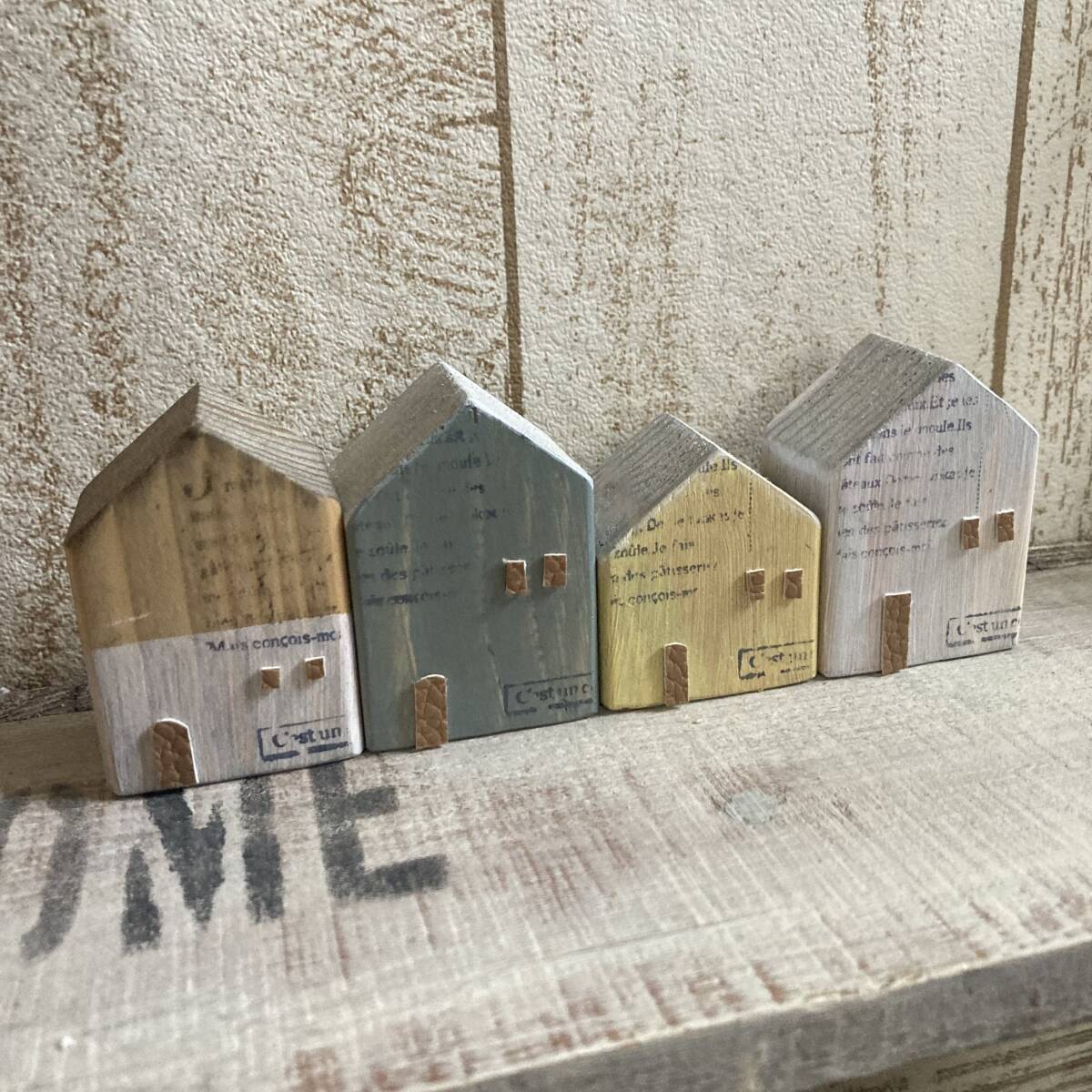 > ハンドメイド☆木のお家4点セット☆ミニチュアハウス木のおうちオブジェ.ナチュラルインテリア雑貨.置物
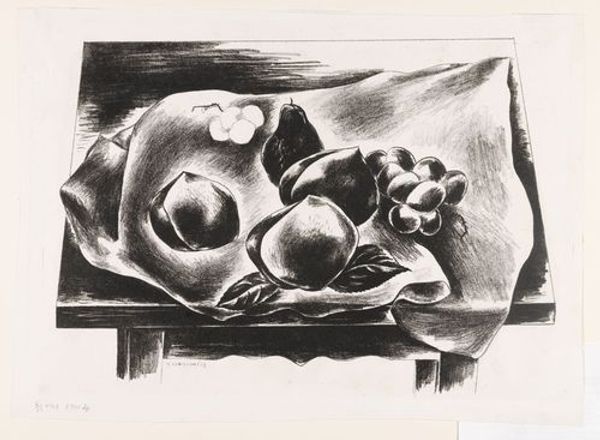 Wanda Gág said she was charmed by the way cats “fit themselves into and over all sorts of places and spaces.” Here their blissful pliability contrasts with the hard geometries of stove, logs, and kindling box. Our eye travels from curve to curve around a warm pool of light. Surprisingly, Gág had only two cats while making Siesta: Snoopy and Snooky. She sat and sketched their antics on the kitchen floor, then used their various poses for this print. The same cats were her models for her book Millions of Cats ten years earlier.
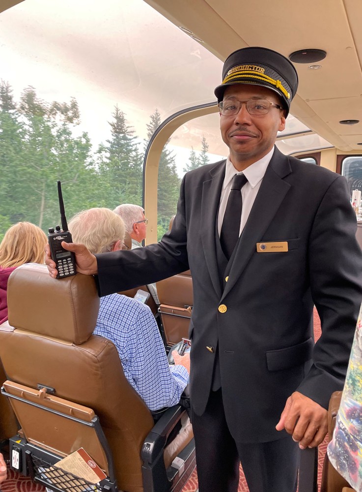 車掌さんが登場し、旅の終わりを告げています。ちょっと名残惜しい。Mr. Conductor came to our train car telling us that our trip would end soon. It was sad to leave so soon.
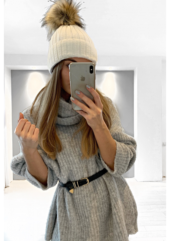Lofty Long – Długi sweter oversize o grubym splocie z warkoczem Ecru
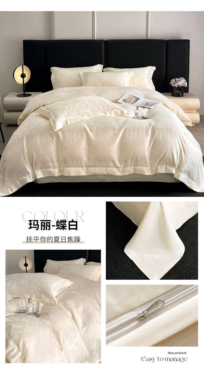 金阳光家纺 2025春夏新款高奢提花水洗天丝四件套 玛丽-蝶白
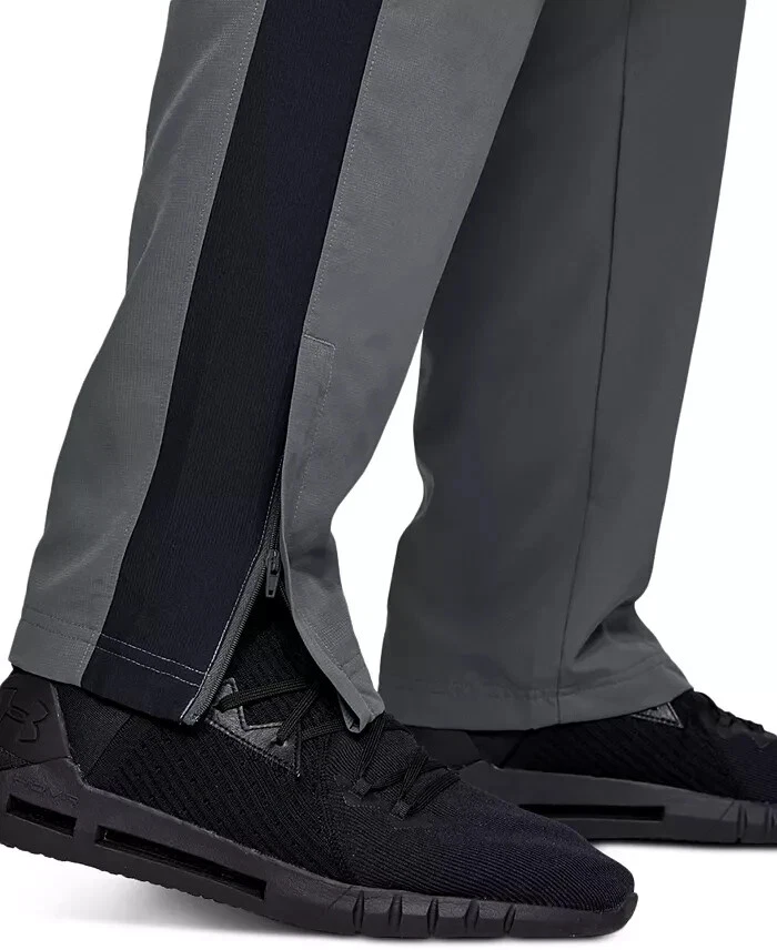 Wind-resistant and lightweight, these Under Armour pants give you the loose fit and breathable feel you need to train in comfort. Product Features Encased elastic waistband with drawstring Imported Zippers at ankles; contrast panel at side Pockets at sides

_____

ACTIVITY →
Reproduce, word for word, every line from the one that contains "金阳光家纺 2025春夏新款高奢提花水洗天丝四件套 玛丽-蝶白" to the end of the data, including both ends; omit all pictures.

EXERCISE SOLUTION →
 金阳光家纺 2025春夏新款高奢提花水洗天丝四件套 玛丽-蝶白
 Wind-resistant and lightweight, these Under Armour pants give you the loose fit and breathable feel you need to train in comfort. Product Features Encased elastic waistband with drawstring Imported Zippers at ankles; contrast panel at side Pockets at sides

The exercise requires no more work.